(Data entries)
* * * * *

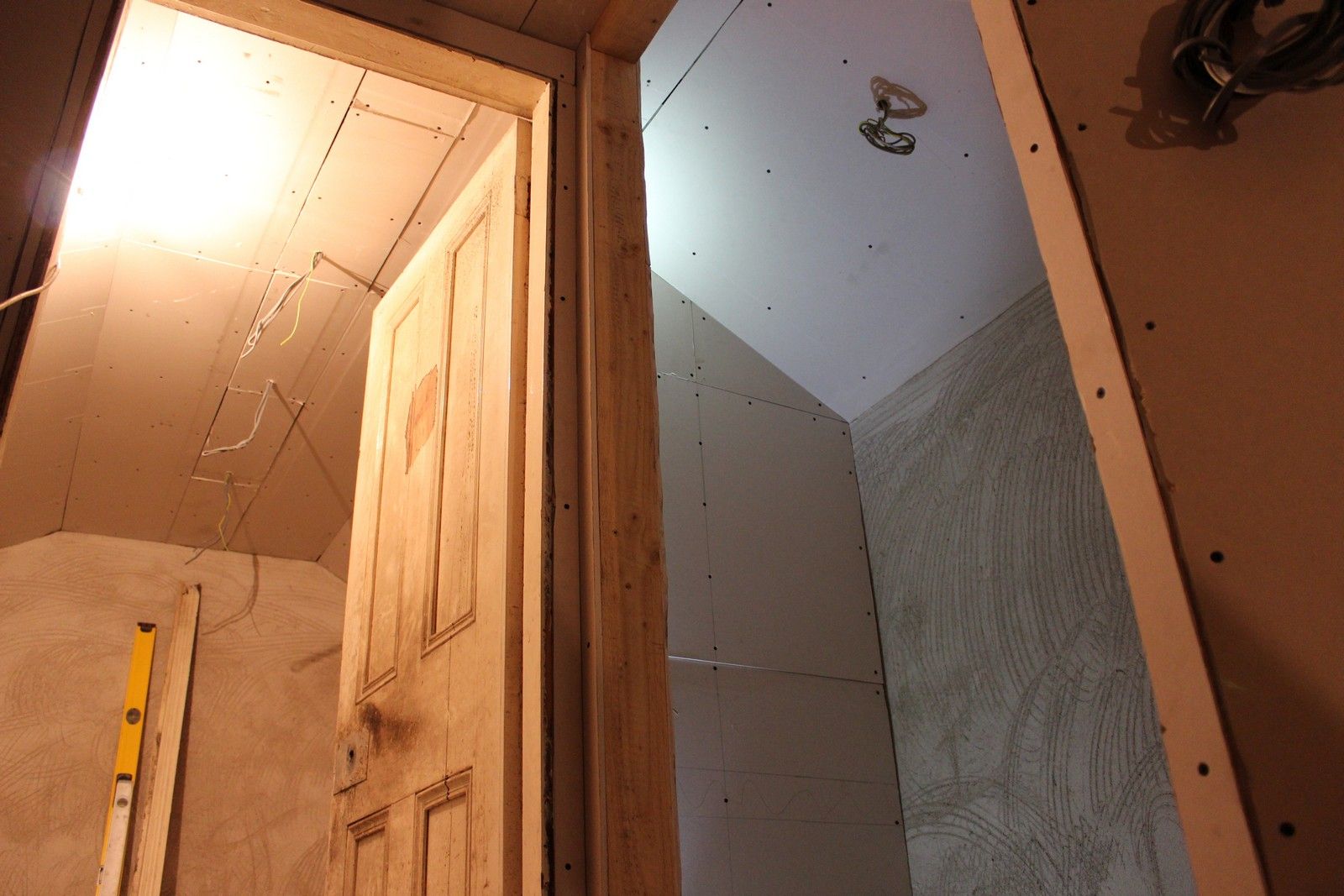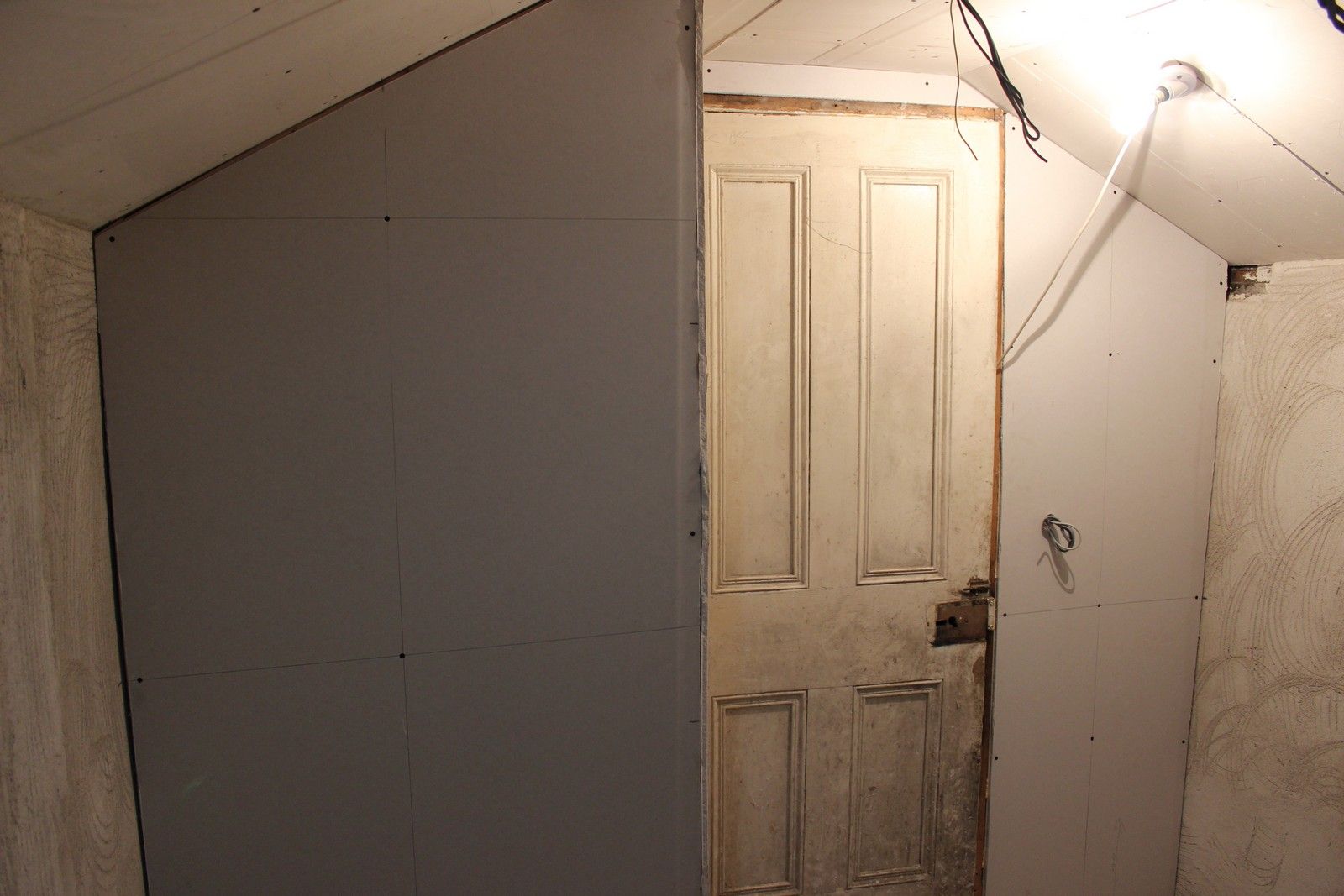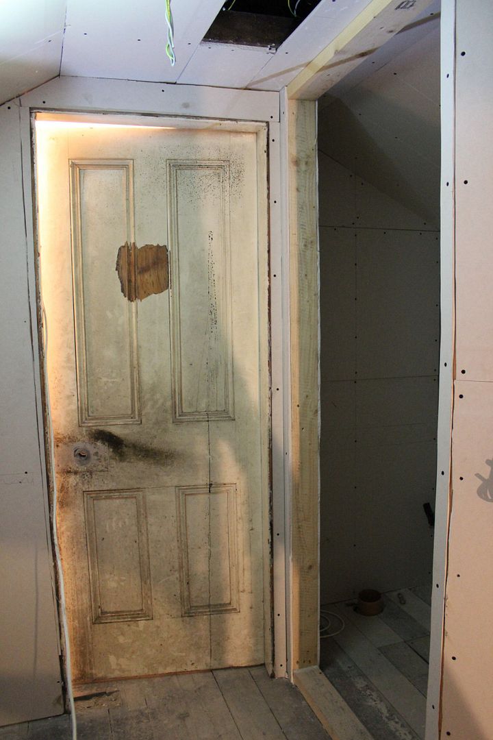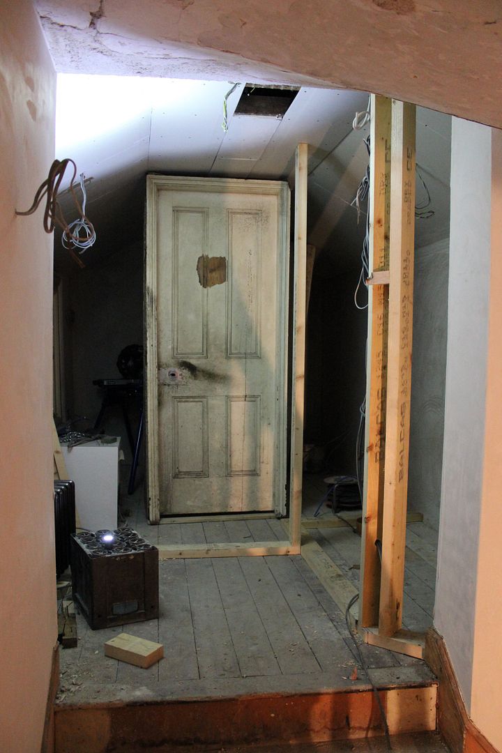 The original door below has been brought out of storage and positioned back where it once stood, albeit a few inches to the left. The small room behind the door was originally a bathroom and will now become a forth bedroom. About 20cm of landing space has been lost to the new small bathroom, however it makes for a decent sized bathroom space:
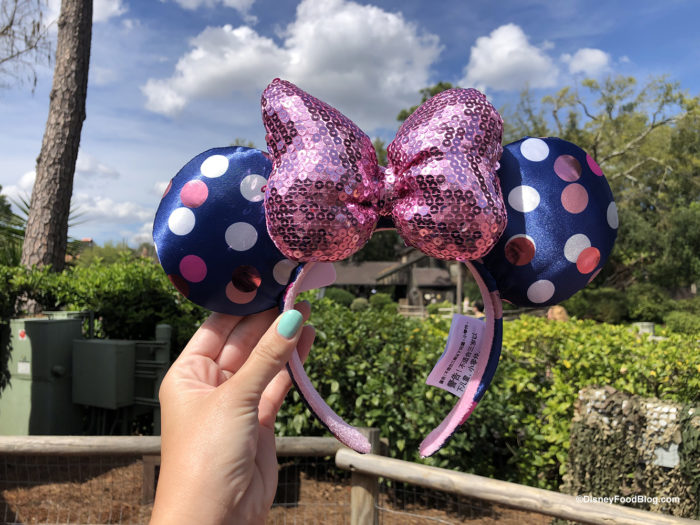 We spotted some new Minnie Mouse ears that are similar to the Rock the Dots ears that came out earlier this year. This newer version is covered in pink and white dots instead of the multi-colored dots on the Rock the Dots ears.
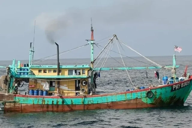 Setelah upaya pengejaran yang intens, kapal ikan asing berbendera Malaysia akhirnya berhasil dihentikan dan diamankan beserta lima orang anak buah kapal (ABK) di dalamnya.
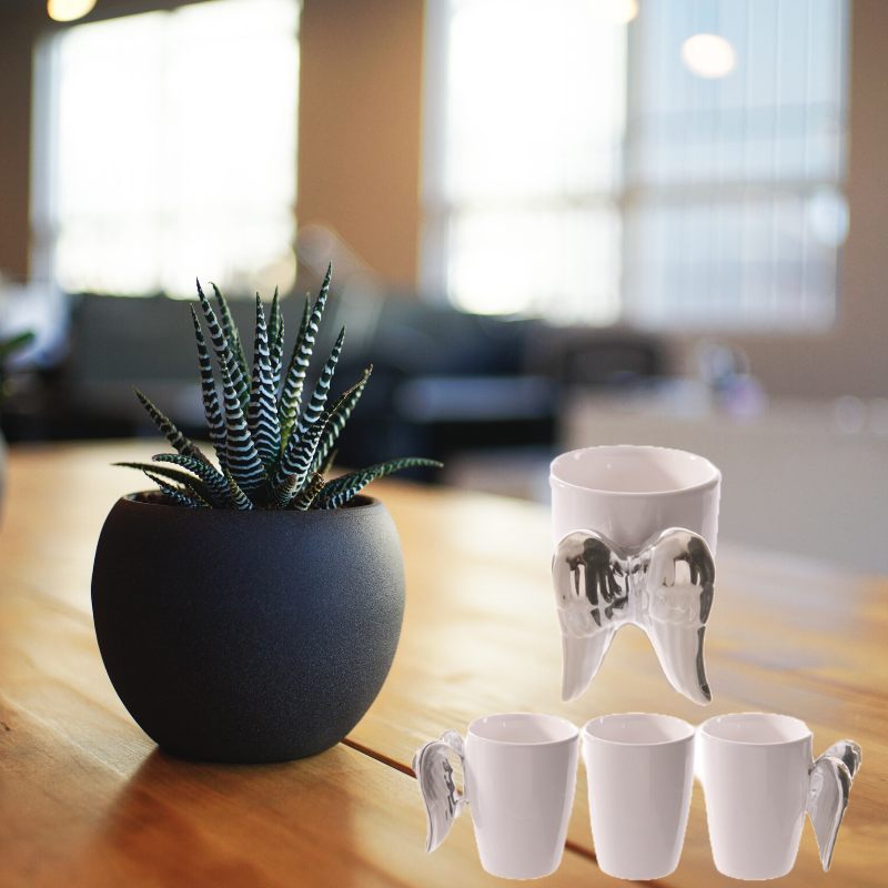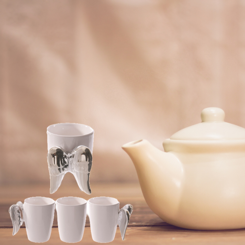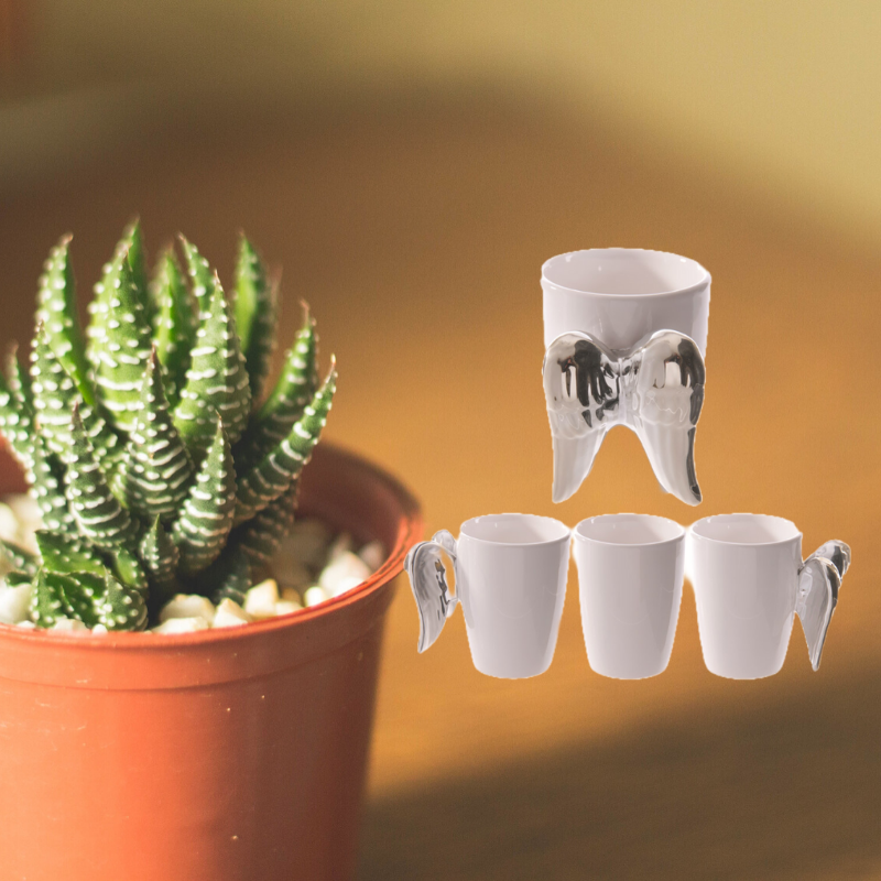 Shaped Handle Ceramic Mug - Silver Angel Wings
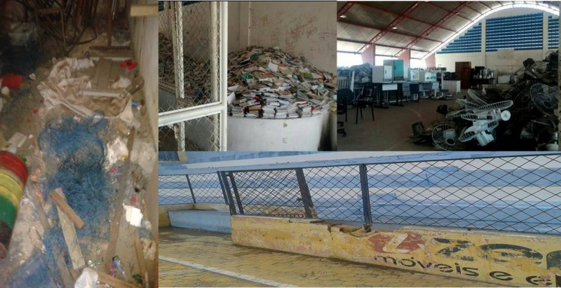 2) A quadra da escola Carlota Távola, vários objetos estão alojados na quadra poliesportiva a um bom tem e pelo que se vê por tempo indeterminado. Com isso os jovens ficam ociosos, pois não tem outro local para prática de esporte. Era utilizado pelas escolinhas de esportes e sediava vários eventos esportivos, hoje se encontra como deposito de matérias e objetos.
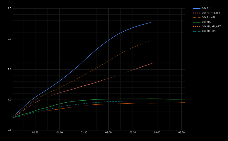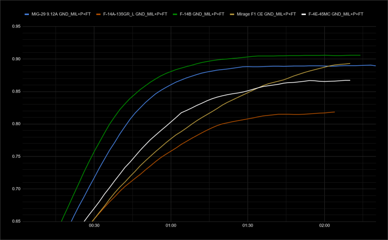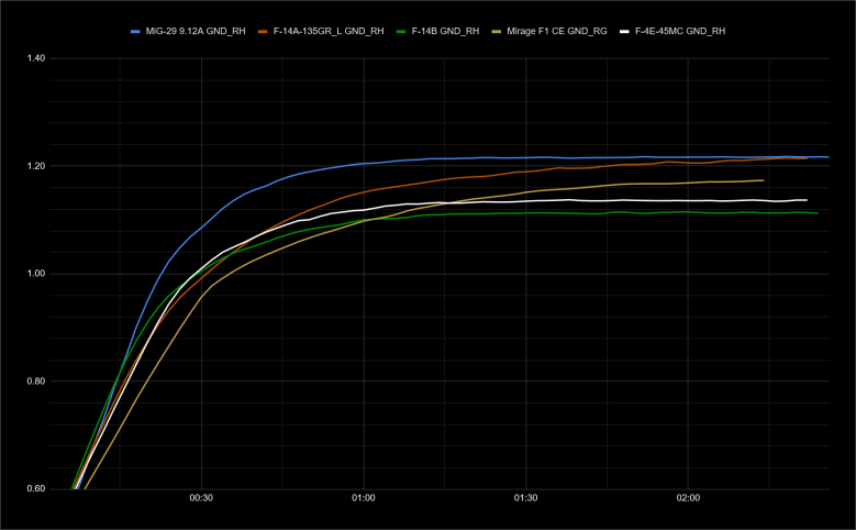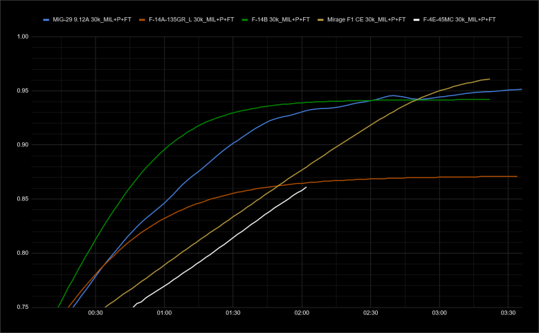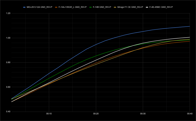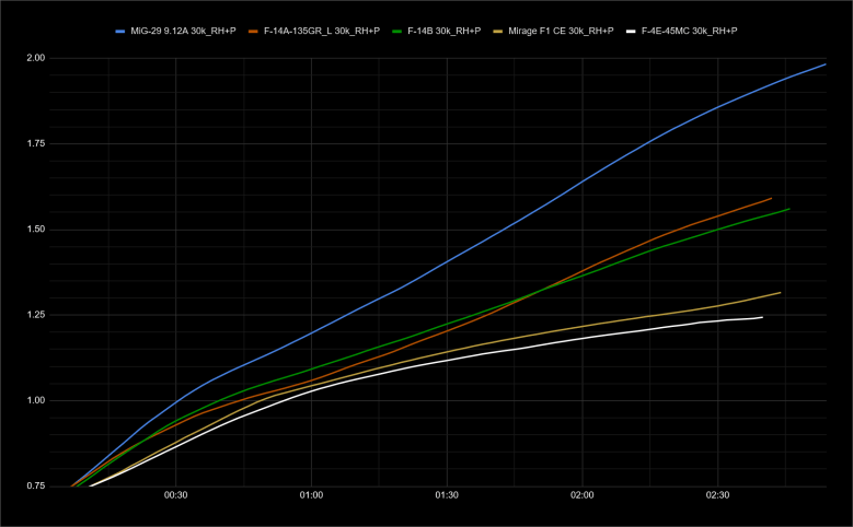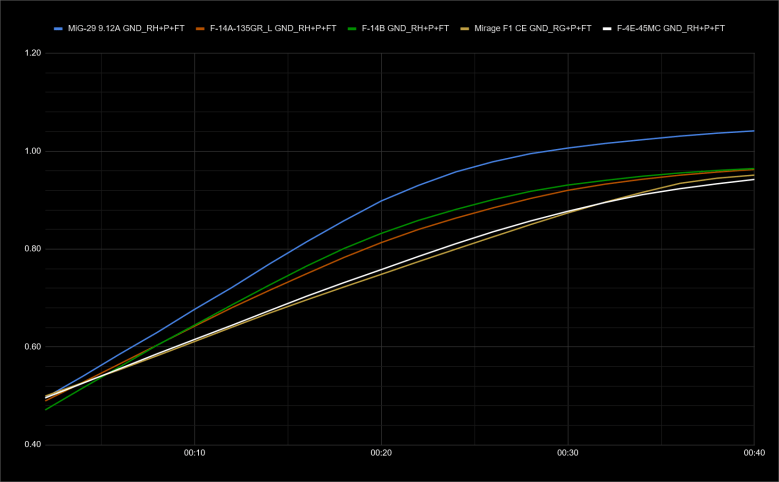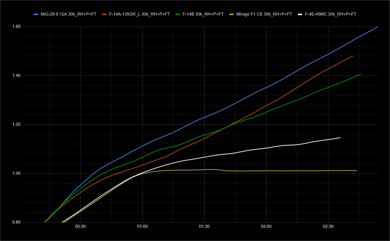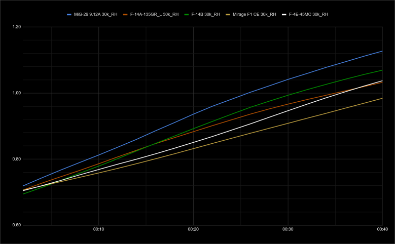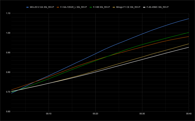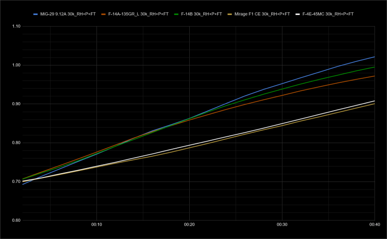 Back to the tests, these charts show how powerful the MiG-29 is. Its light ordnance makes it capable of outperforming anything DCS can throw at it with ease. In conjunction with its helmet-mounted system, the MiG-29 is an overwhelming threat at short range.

* * * * *

**TASK DESCRIPTION:**
Set the lines above down again, word for word, from the first through the one containing "We spotted some"; pictures excluded.

**EXERCISE SOLUTION:**
 The original door below has been brought out of storage and positioned back where it once stood, albeit a few inches to the left. The small room behind the door was originally a bathroom and will now become a forth bedroom. About 20cm of landing space has been lost to the new small bathroom, however it makes for a decent sized bathroom space:
 We spotted some new Minnie Mouse ears that are similar to the Rock the Dots ears that came out earlier this year. This newer version is covered in pink and white dots instead of the multi-colored dots on the Rock the Dots ears.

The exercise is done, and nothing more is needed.